At the Borboya washing station in the Yirgacheffe region of Ethiopia, local farmers sell their prized heirloom coffee beans to be hand-sorted, processed, and prepared for export. Nearly 700 smallholder farmers from throughout the region contributed to this month’s selection from Kuma Coffee.

Small farmers whose plots average a little less than two acres bring their coffee cherries to the private washing station called Borboya. Here the ripe-only hand-picked coffee fruit is skin-stripped and the remaining fruit-coated beans allowed to ferment for around 36 hours, depending on the weather. When the fruit coating is ready to come off, the beans are washed in concrete channels with wooden rakes. The beans are then sorted and dried on raised racks for about 10 days.

Welcome to my Table, here in the corner of this cafe. Today we’re sipping the Ethiopia Borboya, from Toby’s Estate Coffee Roasters in Brooklyn, New York, courtesy of Craft Coffee. Feel free to pull up a chair.

THE BASICS:

region: Borena, Oromia, Yirgacheffe, Ethiopia
farm: Borboya Washing Station
producer: smallholder farmers
association: N/A
elevation: 1800 – 1950 meters above sea level
cultivars: Ethiopia Heirloom
process: fully washed, raised bed dried
certifications: standard

THE BREW:

method: Hario V60
grind: 17, Preciso
coffee: 30 g
water: 420 mL
bloom: 1:00
pour: 2:00 pulse pour, 1:00 drop

THE COFFEE:

The aroma of the Ethiopia Borboya is fragrant and perfumed, but it is also bright and lively. Vibrant and crisp, with scents of lemon rind, strawberry, black tea leaves, vanilla, jasmine, and ginger.

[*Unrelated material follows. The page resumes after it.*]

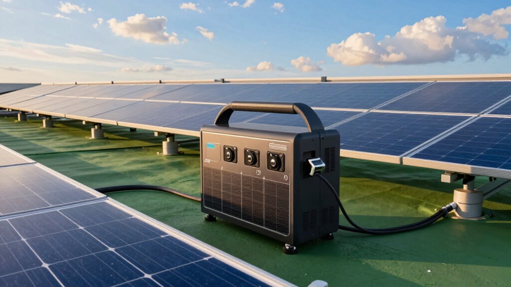 Ever wondered how the arrangement of your solar panels influences charging times? Your solar panel installation plays a pivotal role in maximizing sunlight capture, directly affecting how quickly your battery charges. Proper panel placement, such as ideal angles and spacing, ensures each panel receives maximum sunlight without shading. A well-arranged setup can greatly improve overall efficiency, reducing the time needed to recharge your solar generator. Additionally, consistent and efficient charging helps preserve battery longevity by avoiding excessive cycling or partial charges. Keep in mind that larger panels aren’t always better if they’re poorly positioned. Focus on strategic panel arrangement to maximize sunlight exposure, which results in faster charging and extends the lifespan of your battery system. Proper setup is key to a reliable, fast-recharging solar generator.

Immediately post-brew, this coffee is a complex mix of high and low notes; it’s like somebody set the iPod EQ to “Jazz.” The highs: lemonade, peaches, hibiscus, and nectarine; the lows: earth, oak, spicy cinnamon, honey; the mid: well, there’s a really nice, silky almond milk texture and flavor.

As the coffee cools off the sweetness of the peach and nectarine intensifies so much that it starts tasting a little tart; the tartness is made even more mouth-puckeringly prevalent by a sugary lemon acidity. This isn’t a zesty lemon acidity, mind you—it’s a sweet lemon acidity; it’s not the acidity of a freshly squeezed lemon or lemon peel, it’s the acidity of an ice-cold glass of pink lemonade. Further flavors of apricot, pear, strawberry, cantaloupe, sugar cookie, and ginger round out the bottom of the cup and make for a crisp, satisfying finish.

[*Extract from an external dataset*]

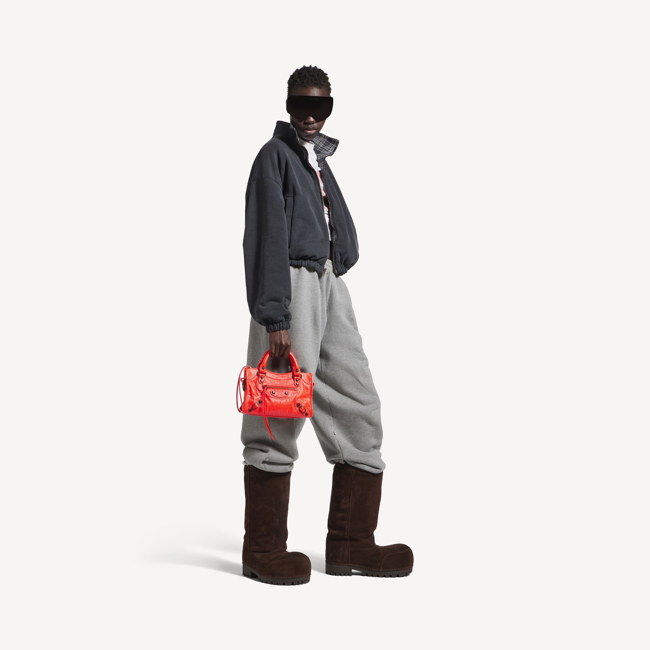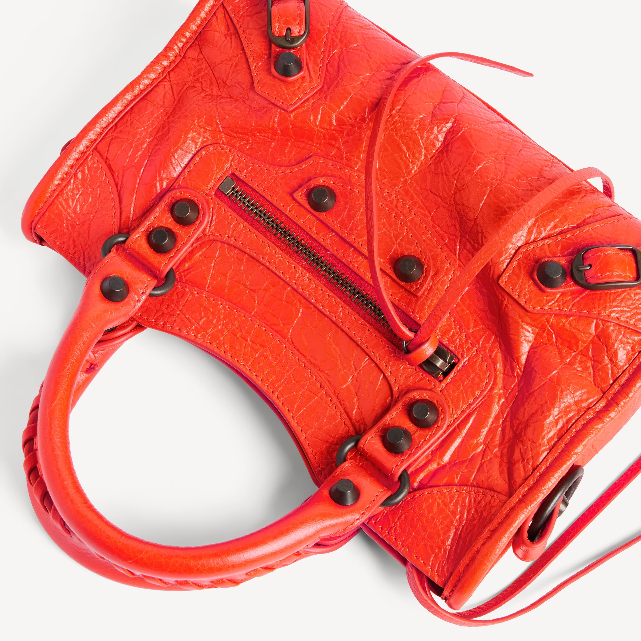 Le City活力橙色细纹羊皮革迷你手袋,饰以黄铜金属配件此商品支持花呗分期• 细纹羊皮革

Medium body; silky mouthfeel; citrus acidity; slightly dry finish.

THE BOTTOM LINE:

One thing I really enjoy is when coffees are perfectly balanced and well-rounded. Of course I love coffees that are packed with flavor and taste incredible, but if they’re not balanced they can make for an unpleasant experience—they can be too much one thing or another, go too far in one direction or the other.

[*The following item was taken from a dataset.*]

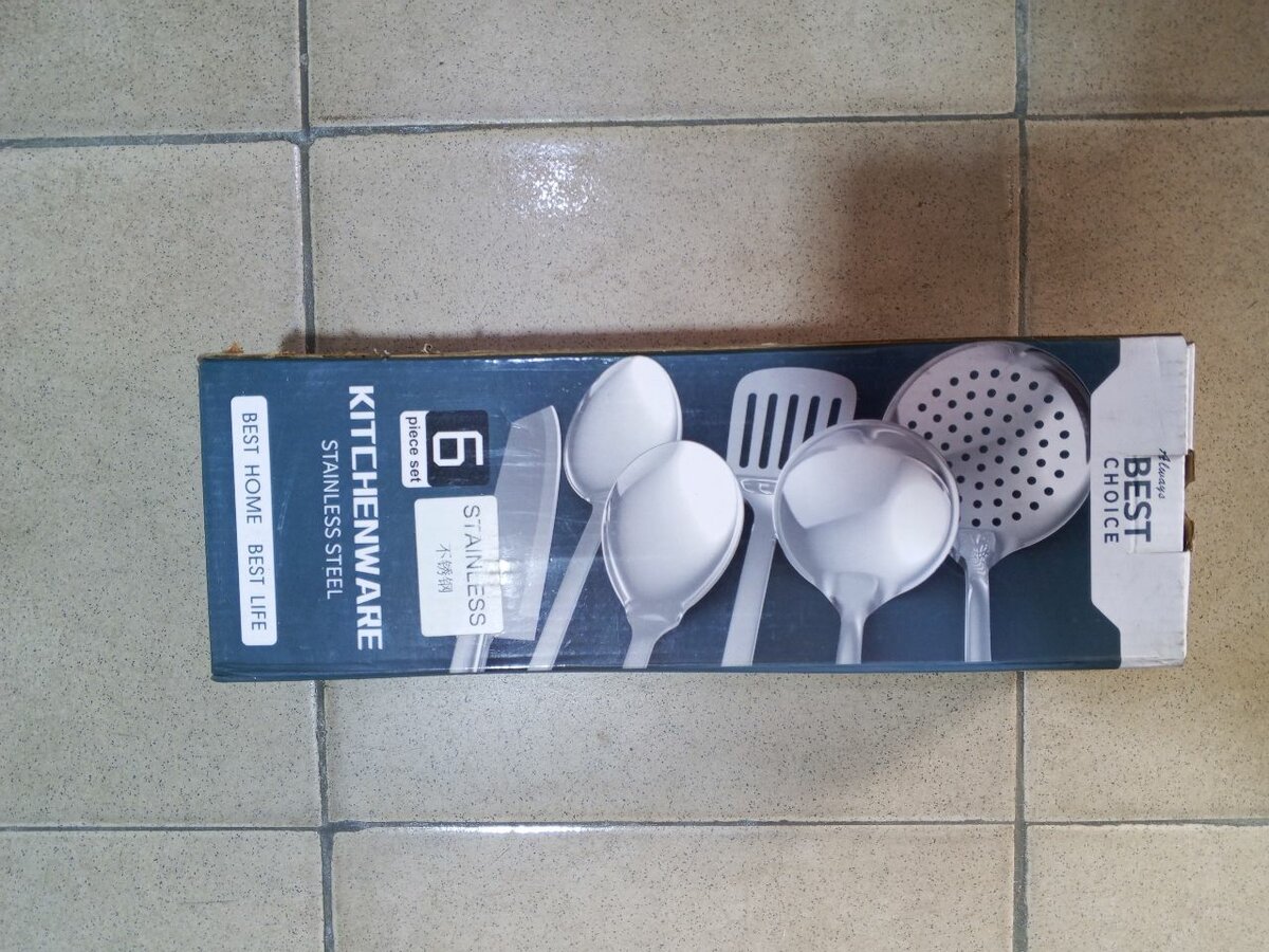 Lot de 6 pièces comprenant une cuillère à égoutter, une spatule, une cuillère, une louche. Fabriqué en acier inoxydable résistant et durable. Facilite la préparation et la cuisson de vos repas.

The Ethiopia Borboya, from Toby’s Estate Coffee, had it all.

Not only was it hugely flavorful, it was also perfectly balanced; for every night note (bright, lively fruits) it had an equally low note (earth, wood), and its middle range was mild enough that it kept the two extremes firmly tethered to each other. At no point was this cup too one thing or the other.

This Borboya was absolutely textbook.